Internally the HTC One XL is actually quite a different phone to the original One X. That’s because HTC has swapped out the Tegra 3 quad core processor found in the One X and replaced it with dual core Snapdragon S4, while also adding in a 4G radio. The change from a quad core to a dual core chip sounds like a pretty big downgrade, but it doesn’t tell the whole story, as the S4 is a newer generation chip and its cores perform faster than those in the Tegra 3 processor.  It certain doesn’t feel sluggish in use and its benchmark results bear out the fact that it’s a pretty muscular chip.
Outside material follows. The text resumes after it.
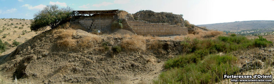 Le site se situe à quelques 500 mètres au sud-ouest du gué de Jacob (l’actuel Jisr Banât Ya’ qûb ), sur le petit tertre ( mediocriter eminens ) de l’antique Qasr al-Athara . Le plan de l’enceinte était rectangulaire avec de légères irrégularités, parmi lesquelles une forme arrondie au niveau de la courtine nord. Les murs, très épais si l’on en croit les chroniques arabes (la muraille dépassait dix coudées – soit à peu près cinq mètres), étaient d’une « hauteur convenable » ( ad convenientem altitudinem ). Le récit du siège dans certaines chroniques semble attester de l’existence d’un réduit sur le front ouest, sur lequel les forces de Saladin concentrèrent d’ailleurs leur sape. Cette tour maîtresse devait être de forme hexagonale, puisque les mêmes chroniques indiquent que les « mines furent menées sur les cinq côtés du mur ». Par ailleurs, on sait également que la forteresse disposait d’une vaste citerne, si large que les musulmans y disposèrent les corps des Templiers et Turcoples massacrés sans pouvoir l’emplir complètement ! De récentes fouilles ont permis de retrouver la base des murs arasés. Les pierres sont effectivement d’une taille impressionnante, et leurs bossages tabulaires presque intacts.

It had no problems reaching 50 fps in the GLBenchmark Egyptian Standard test and in Lin Pack it clocked 138.251MFlops. In Browser Mark V2 it posted a core of 1225, while it managed to complete Sunspider 1170.6ms. These are all pretty rapid results, but the fact remains that they’re slower than those of the SIII LTE: Samsung’s handset scored a higher 59fps in GL Benchmark and 1151.5ms in Sunspider (lower is better). Thje One XL is also bested by the SIII LTE in Geekbench 2 (1,758 v 1,536) and CF Bench (13,124 v 9,530). Of course, in real life you’re unlikely to notice the difference on a day to day basis, apart from perhaps when you’re playing really demanding 3D games. Nevertheless, if you want the fastest LTE handset around, the HTC One XL is not it.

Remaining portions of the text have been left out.